Segment Open
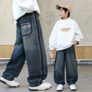 男童秋装裤子中大童男孩秋季牛仔裤2025新款儿童春秋帅气休闲长裤
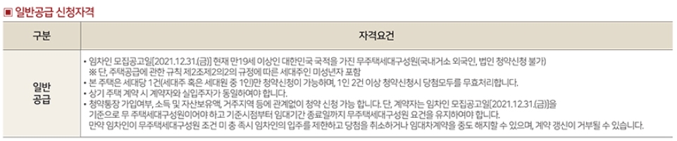 공 통 | 최초 입주자 모집공고일(21.12.31일) 현재 ㅇ 현재 대한민국 국적을 가진 만19세이상인자(무주택세대구성원일것) ㅇ 세대당 1건(세대주 혹은 세대원중 1인만가능) ㅇ 청약통장 가입여부, 소득 및 자산 보유액, 거주지역등 관계없이 청약가능 |
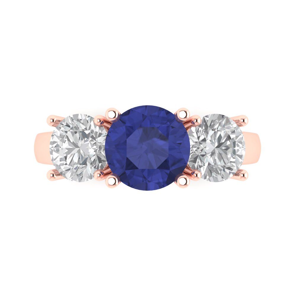 3 cttw Simulated Tanzanite Three-Stone Engagement Ring - Solid Gold (Round Cut,7.5mm)
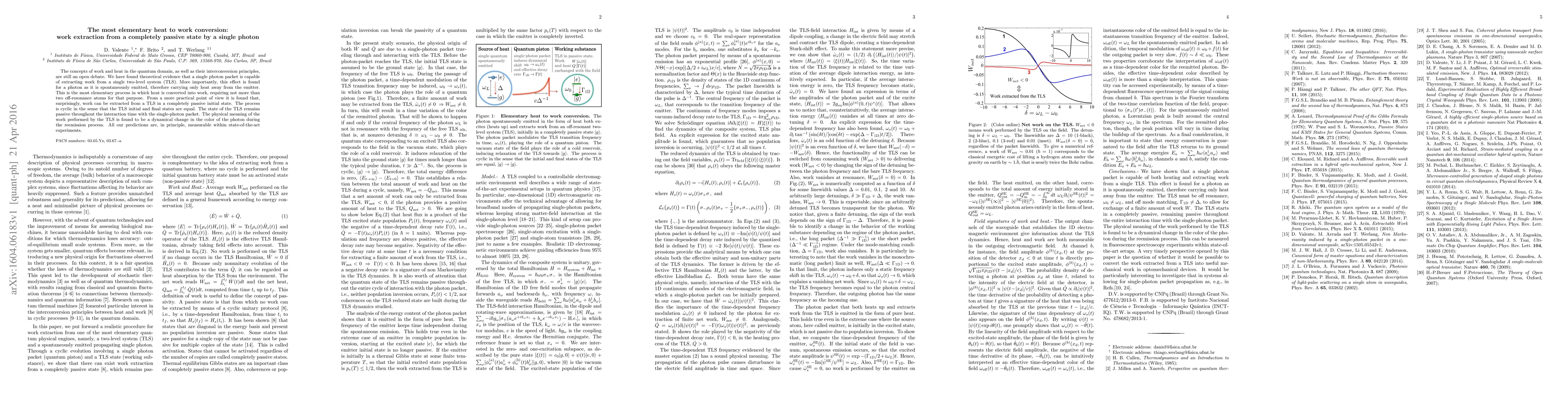 The concepts of work and heat in the quantum domain, as well as their interconversion principles, are still an open debate. We have found theoretical evidence that a single photon packet is capable of extracting work from a single two-level system (TLS). More importantly, this effect is found for a photon as it is spontaneously emitted, therefore carrying only heat away from the emitter. This is the most elementary process in which heat is converted into work, requiring not more than two off-resonance atoms for that purpose. From a more practical point of view it is found that, surprisingly, work can be extracted from a TLS in a completely passive initial state. The process is cyclic in the sense that the TLS initial and final states are equal. The state of the TLS remains passive throughout the interaction time with the single-photon packet. The physical meaning of the work performed by the TLS is found to be a dynamical change in the color of the photon during the reemission process. All our predictions are, in principle, measurable within state-of-the-art experiments.
Segment Closed
TASK BRIEF:
Would you write out the data exactly, with no pictures in the copy?

ANSWER BOX:
 男童秋装裤子中大童男孩秋季牛仔裤2025新款儿童春秋帅气休闲长裤
 공 통 | 최초 입주자 모집공고일(21.12.31일) 현재 ㅇ 현재 대한민국 국적을 가진 만19세이상인자(무주택세대구성원일것) ㅇ 세대당 1건(세대주 혹은 세대원중 1인만가능) ㅇ 청약통장 가입여부, 소득 및 자산 보유액, 거주지역등 관계없이 청약가능 |
 3 cttw Simulated Tanzanite Three-Stone Engagement Ring - Solid Gold (Round Cut,7.5mm)
 The concepts of work and heat in the quantum domain, as well as their interconversion principles, are still an open debate. We have found theoretical evidence that a single photon packet is capable of extracting work from a single two-level system (TLS). More importantly, this effect is found for a photon as it is spontaneously emitted, therefore carrying only heat away from the emitter. This is the most elementary process in which heat is converted into work, requiring not more than two off-resonance atoms for that purpose. From a more practical point of view it is found that, surprisingly, work can be extracted from a TLS in a completely passive initial state. The process is cyclic in the sense that the TLS initial and final states are equal. The state of the TLS remains passive throughout the interaction time with the single-photon packet. The physical meaning of the work performed by the TLS is found to be a dynamical change in the color of the photon during the reemission process. All our predictions are, in principle, measurable within state-of-the-art experiments.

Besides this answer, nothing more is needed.